Task requirements: Only the lines from the one that contains "Es erfolgt eine" through the end of the entries, both included, should be transcribed, exactly and without pictures.

Recorded information:
..............................
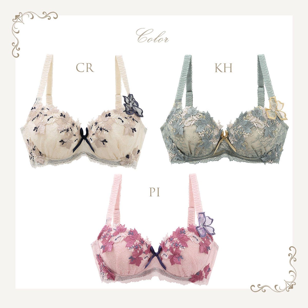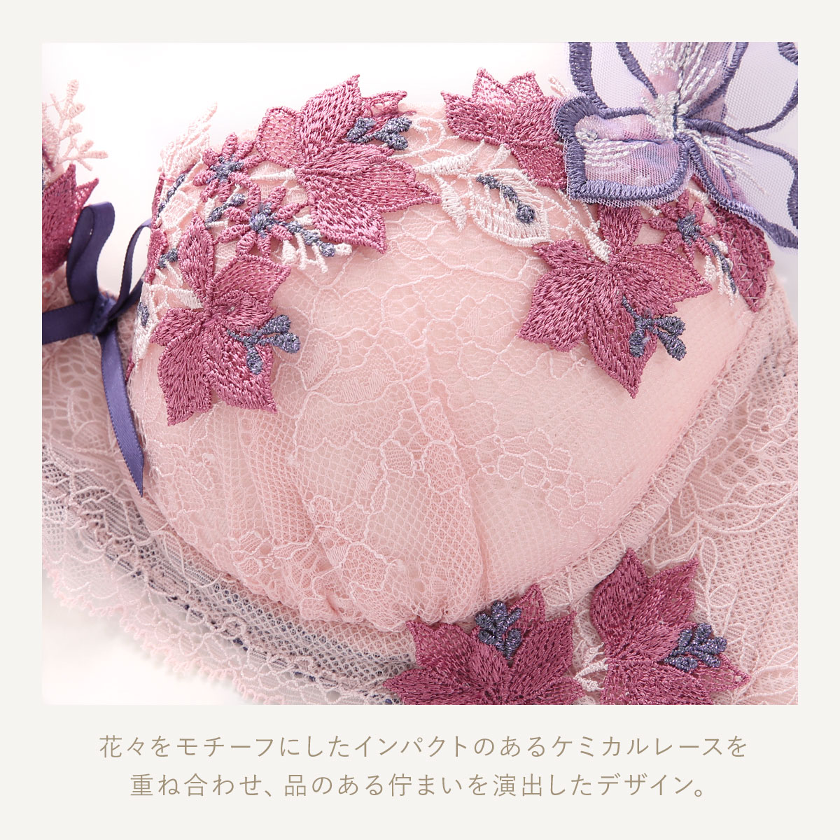 花々をモチーフにしたインパクトのあるケミカルレースを重ね合わせ、品のある佇まいを演出した、リサマリレーヌ「エレーナ」コレクション。カップサイドの異なるデザインのケミカルアップリケや、シアーなチュール素材のアップリケなど、異素材をMIXし斬新なデザインに仕上げています。
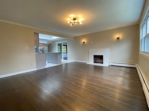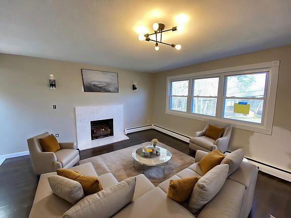WATERVIEW 1760 s/f 3 bedroom ranch on a private 1.4 ACRE lot. Home had the kitchen and baths redone to the subfloor and studs. Bright skylit cathedral ceiling island kitchen with granite, tile, and stainless appliances (air fryer range, dishwasher, microwave, French door fridge) Decora soft close Cabinets and a Slider to a 4 season sunroom and big deck looking over the large flat back yard. Kitchen also opens to the large living room that has a picture window looking across to the pond. Remote control gas fireplace with quartz surround, sconce lights, and outlet for flat screen TV. Refinished hardwood floors through the living room, hall and bedrooms. New tile bath. Downstairs the walk out basement and garage has 3 rooms. Currently has a laundry/mudroom, office/bonus room, family/ guest room and 2 closets. Cedar exterior siding. New roof, boiler, plumbing, electric panel. Outside has a large shed with power and trails through the woods on the property to the Spicket River (not a flood zone). Hardscaping with a stone wall entry, tiered gardens and walk. Plenty of attic storage with a pull down stair. Option for additional bath in lower level. Broker interest
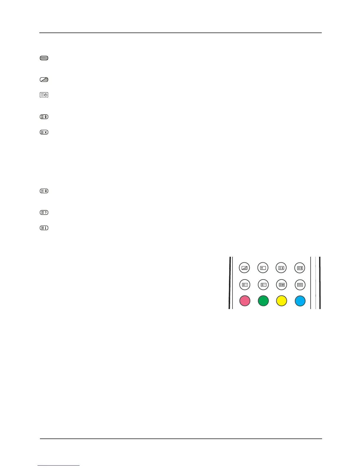 : Es erfolgt eine Weiterleitung an die Unterseite der Teletext-Seite, z. B. an die Subcode-Seite. Wird diese Taste ge-
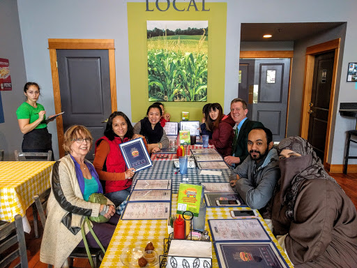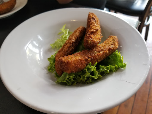 Friendly service. Pretty much everything housemade and vegan options available! Service is a bit slow, but if you order some of the fantastic fried pickles or a basket of sweet potato fries, you wont miss d the wait. Atmosphere is casual, but they were accommodating to our large group with shifting size.
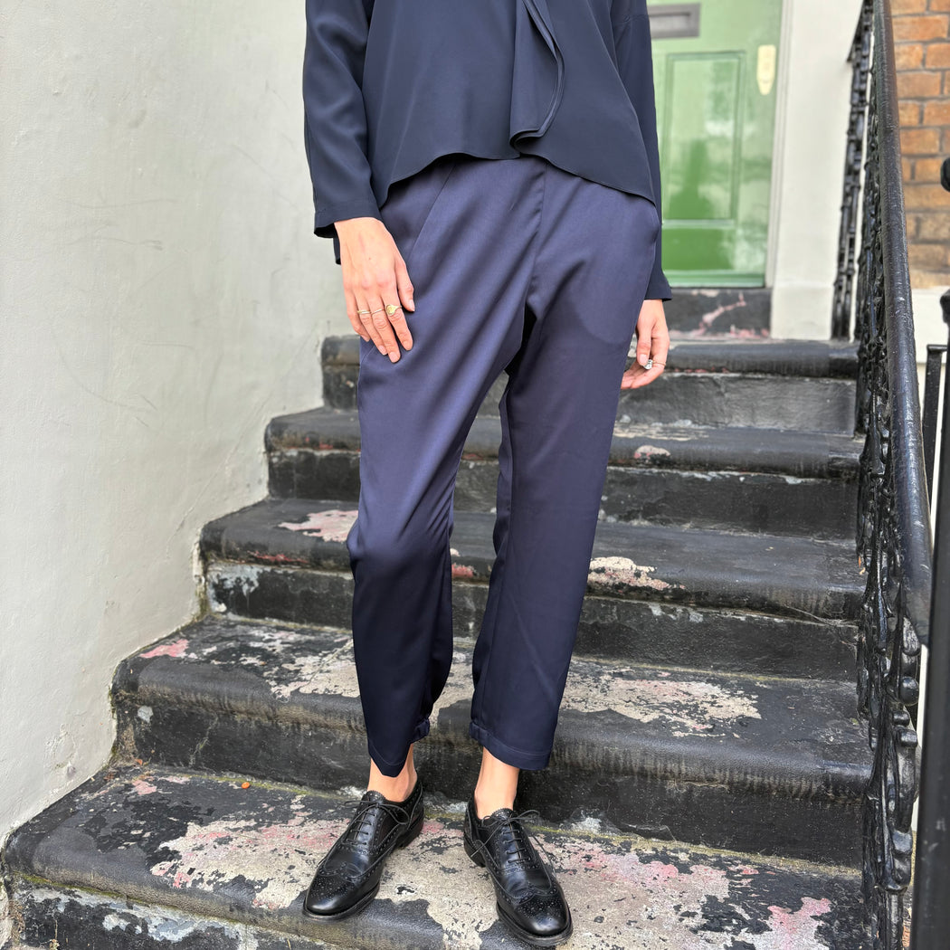 The best-selling Gabi Trousers in recycled drape feature hidden pockets on a curved front seam and an elastic detail at the back of the cuff. It has an elasticated waist and slips on.
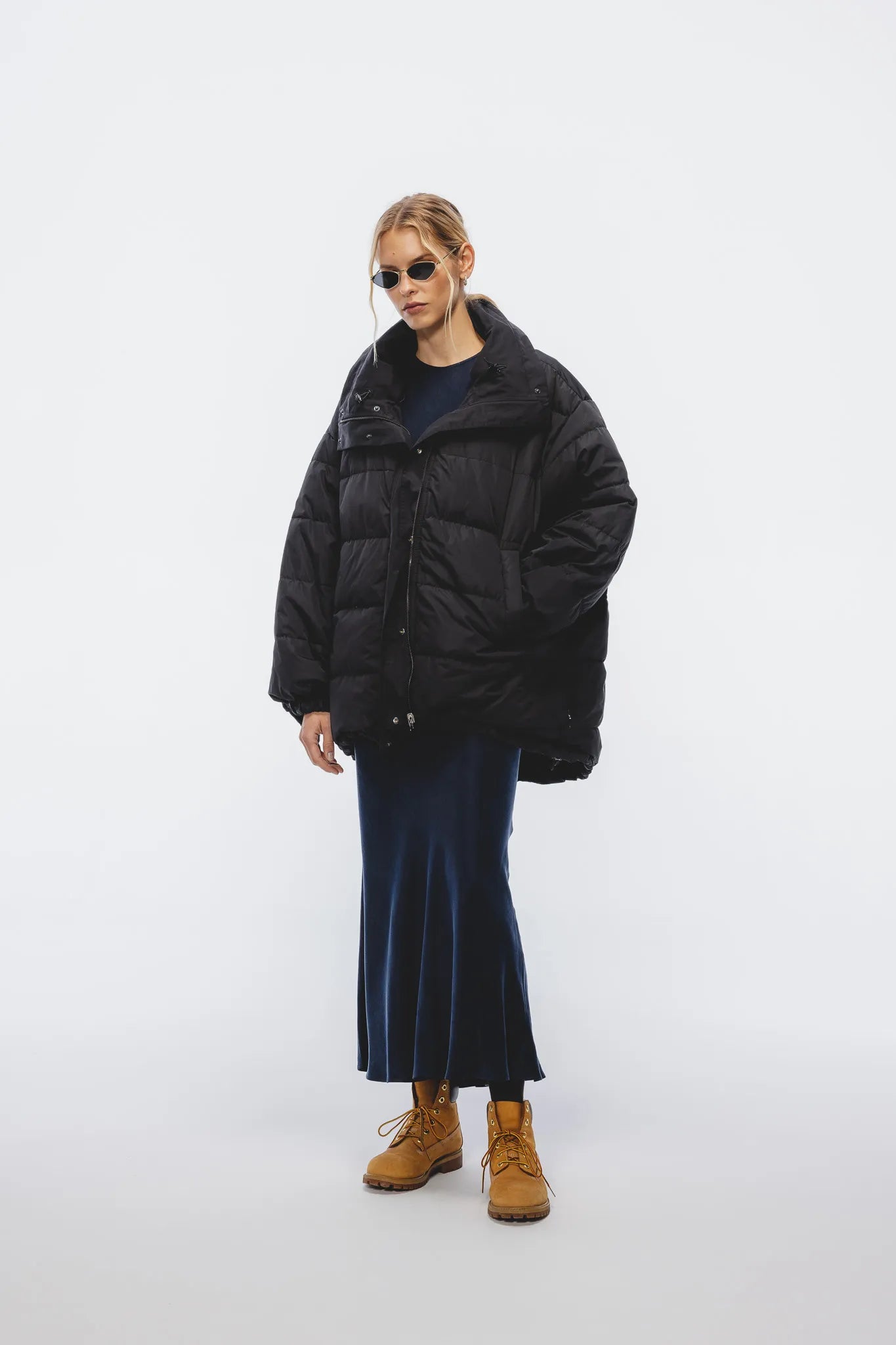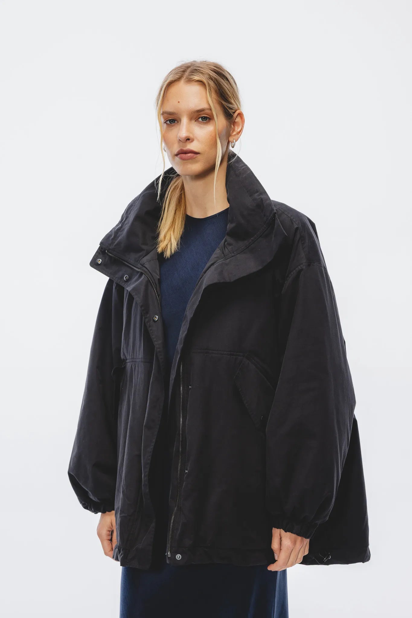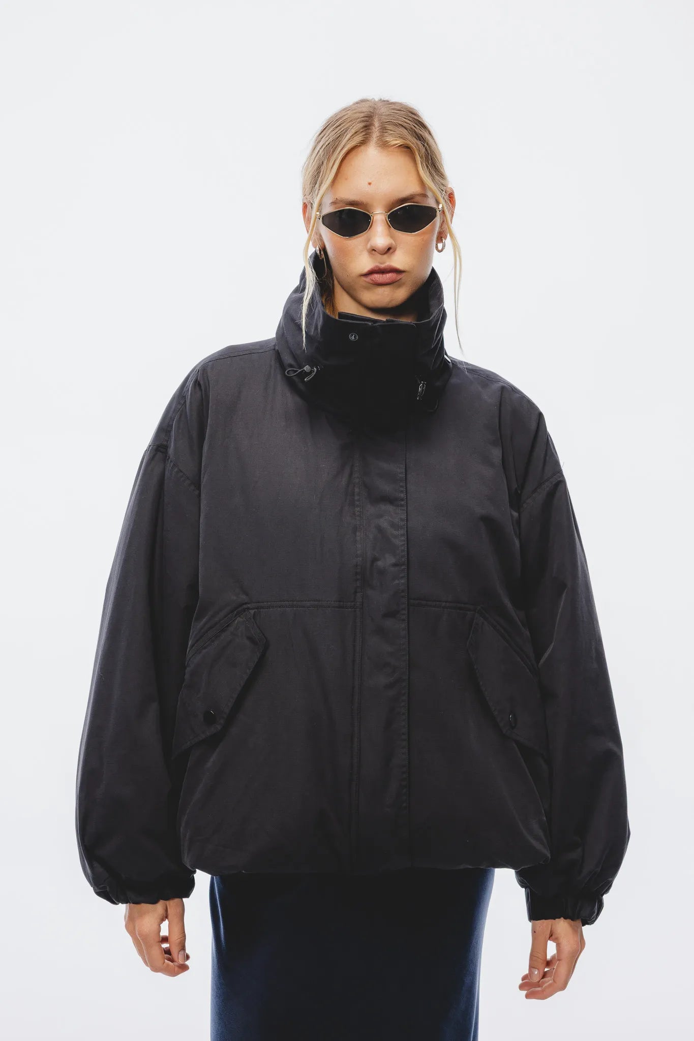 Dodatkowym elementem jest ściągacz w dolnej części, dzięki któremu można zmienić kształt kurtki, tworząc efekt modnej bombki lub pozostawiając ją w prostszej, klasycznej formie.
..............................
Answer to the problem:
 : Es erfolgt eine Weiterleitung an die Unterseite der Teletext-Seite, z. B. an die Subcode-Seite. Wird diese Taste ge-
 Friendly service. Pretty much everything housemade and vegan options available! Service is a bit slow, but if you order some of the fantastic fried pickles or a basket of sweet potato fries, you wont miss d the wait. Atmosphere is casual, but they were accommodating to our large group with shifting size.
 The best-selling Gabi Trousers in recycled drape feature hidden pockets on a curved front seam and an elastic detail at the back of the cuff. It has an elasticated waist and slips on.
 Dodatkowym elementem jest ściągacz w dolnej części, dzięki któremu można zmienić kształt kurtki, tworząc efekt modnej bombki lub pozostawiając ją w prostszej, klasycznej formie.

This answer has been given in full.